I just ran across one this morning, that policies need to address “fire’s role in forest ecosystems.” My first question would be “fire’s role as to what aspect of plants, animals, water, soil and air?” Fire’s role, like climate or anything else, is not a constant. I like this quote from the book:
P 85. ..

we find that nature undisturbed is not constant in form, structure or proportion but change at every scale of time and space. The old idea of a static landscape, like a single musical chord sounded foresver, must be abandoned, for such a landscape never existed except in our imagination. Nature undisturbed by human influence seems more like a symphony whose harmonies arise from variation and change over many scales of time and space, changing with individual births and deaths, local disruptions and recoveries, larger-scale responses to climate from one glacial age to another, and to the slower alterations of soils and yet larger variations between glacial ages.

If you have been a reader and writer of Forest Service regulations lately, the “form, structure or proportion” will call back to your memory perhaps “ecosystem composition, structure and function”:

2012 Planning Rule: Alternative A would require plan components to provide for the maintenance or restoration of the structure, function, composition, and connectivity of healthy and resilient aquatic ecosystems and watersheds in the plan area.

2001 and Colorado Roadless Rule: Tree cutting, sale, or removal is needed to maintain or restore the characteristics of ecosystem composition, structure and processes.

These statements, in regulation, imply that certain characteristics should be “maintained or restored”; that is, maintained as they are today, or restored to what they used to be (yes, I realize that some in the FS is talking that “restoration” doesn’t mean that, it really means “resilience to change”, but English is English, and if you mean that you should put in in regulation, IMHO.)

Now, scientists reviewed all these regulations and did not say “hey, that doesn’t take into account current scientific thought, because there is no one unchanging way that composition structure and function is “supposed to be” and that “needs to be” maintained or restored.” I think in Dan’s book, he is again asking the question “if science tells us that everything is changing, why do scientists (including ecologists, I assume) review and accept regulations and other policies that seem to say the opposite?
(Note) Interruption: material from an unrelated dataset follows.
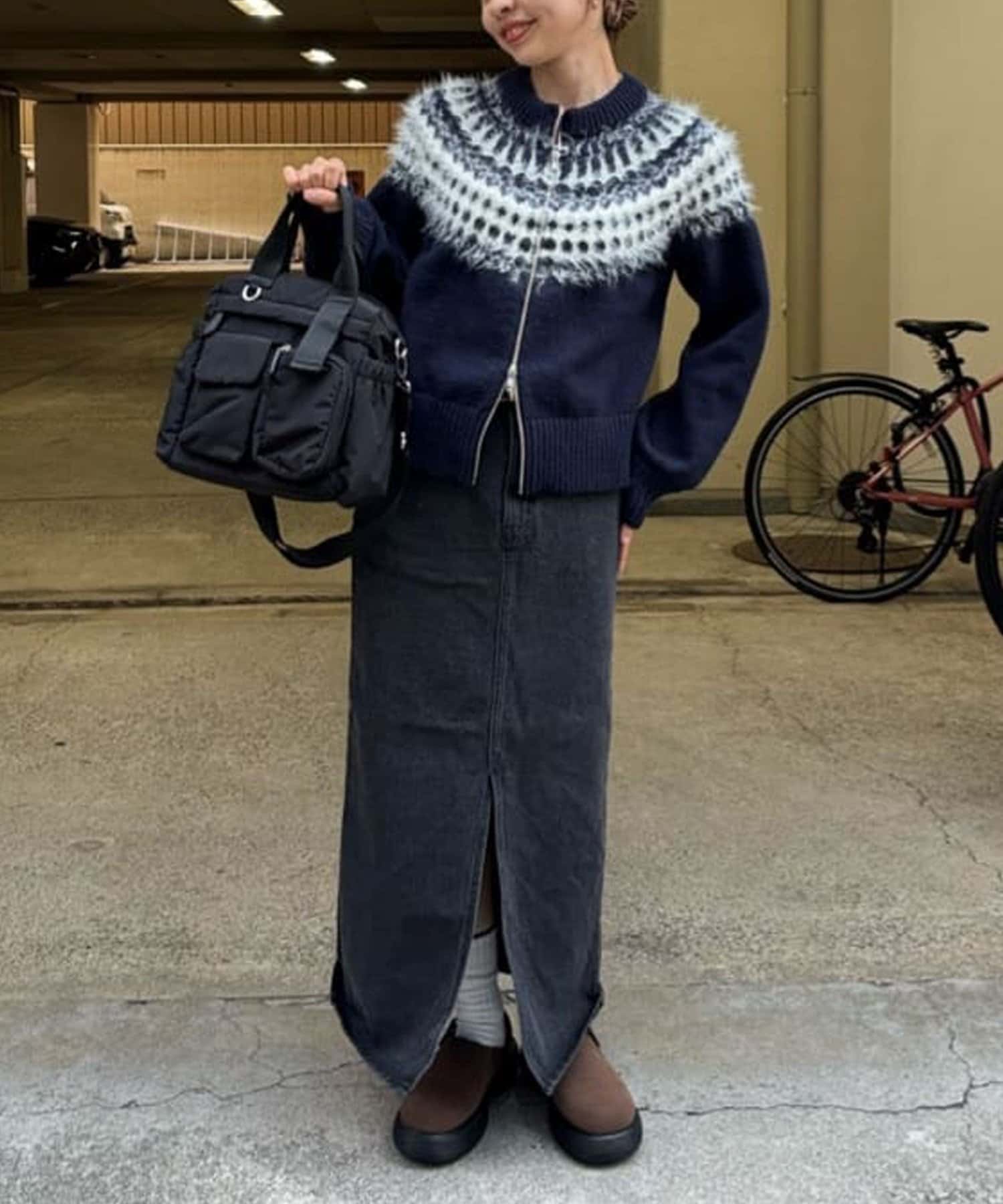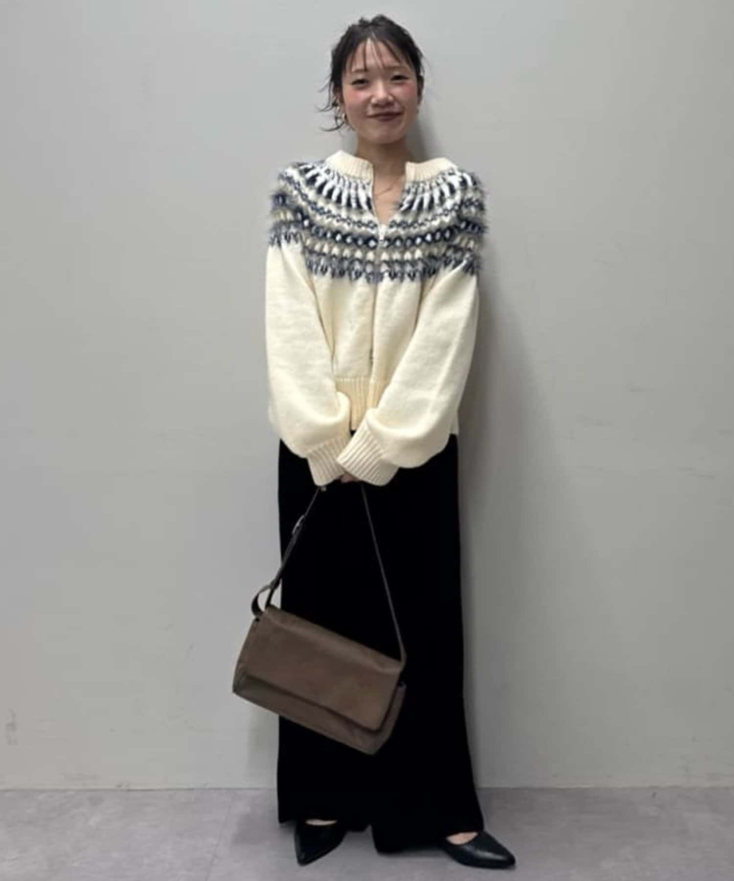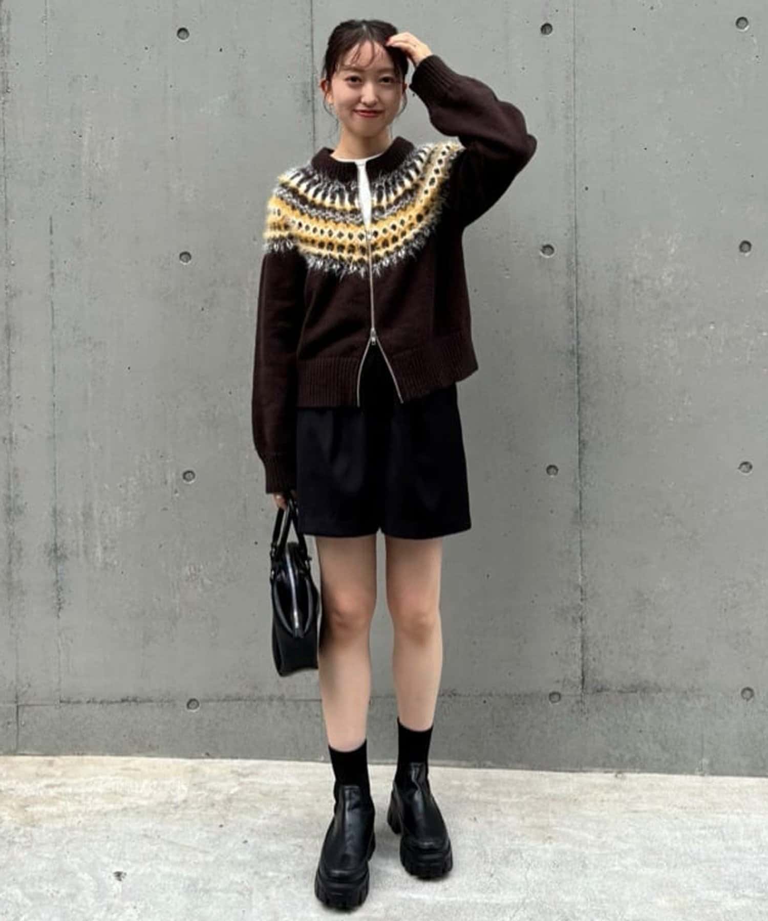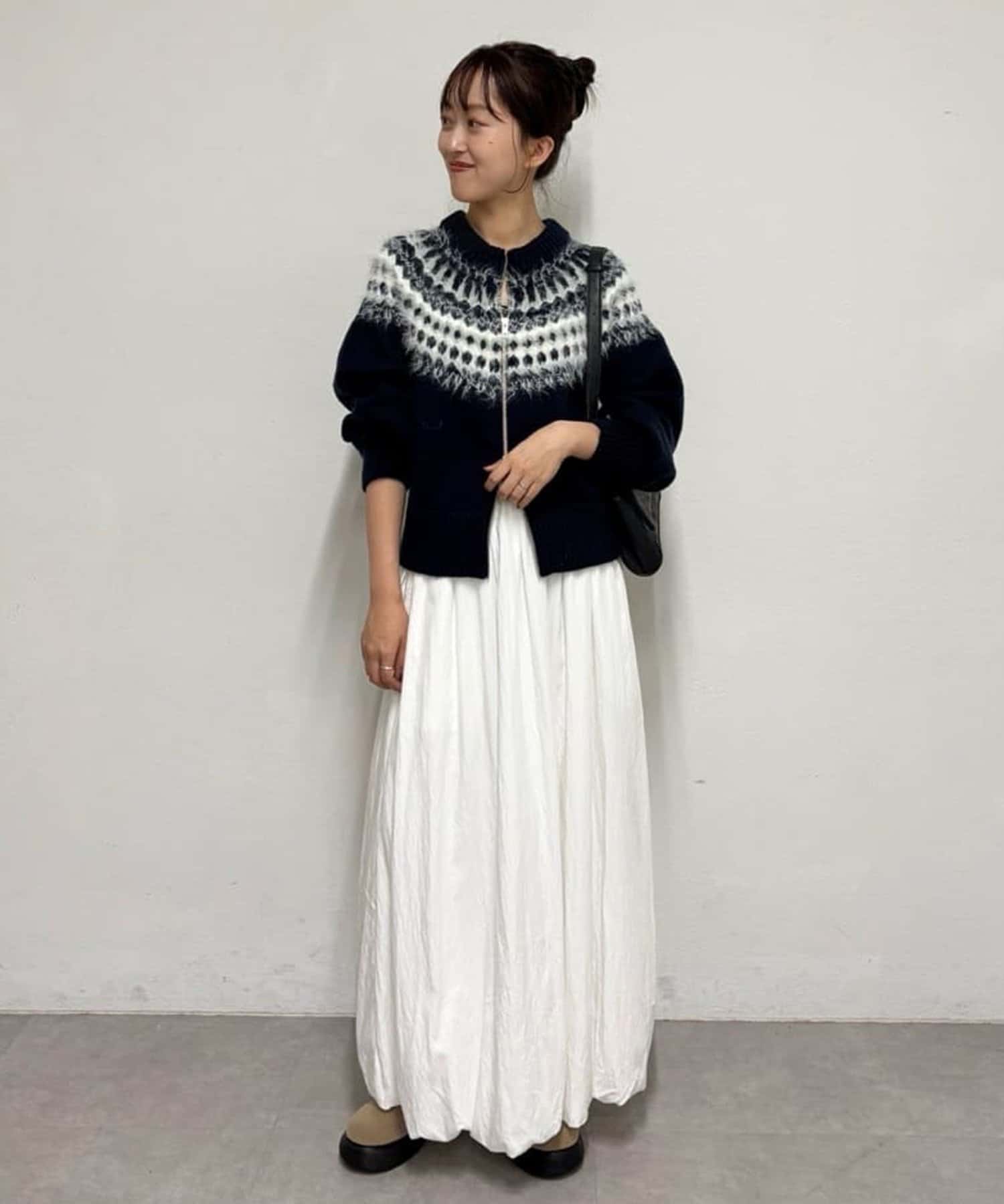 155cmスタッフ:求心柄デザインがコーデの主役に!ジップを少し開けると抜け感がでるのでおすすめです◎

I have three hypotheses. One is that the ecosystem idea has fuzzed everyone’s thinking. The second is that so much science is based on these ideas that scientists can’t imagine a world without them. Third is that scientists don’t study the “appeal to nature” idea in philosophy nor the history of its use (see Wikipedia here), so they don’t see that using it has conceptual problems way beyond the scientific community.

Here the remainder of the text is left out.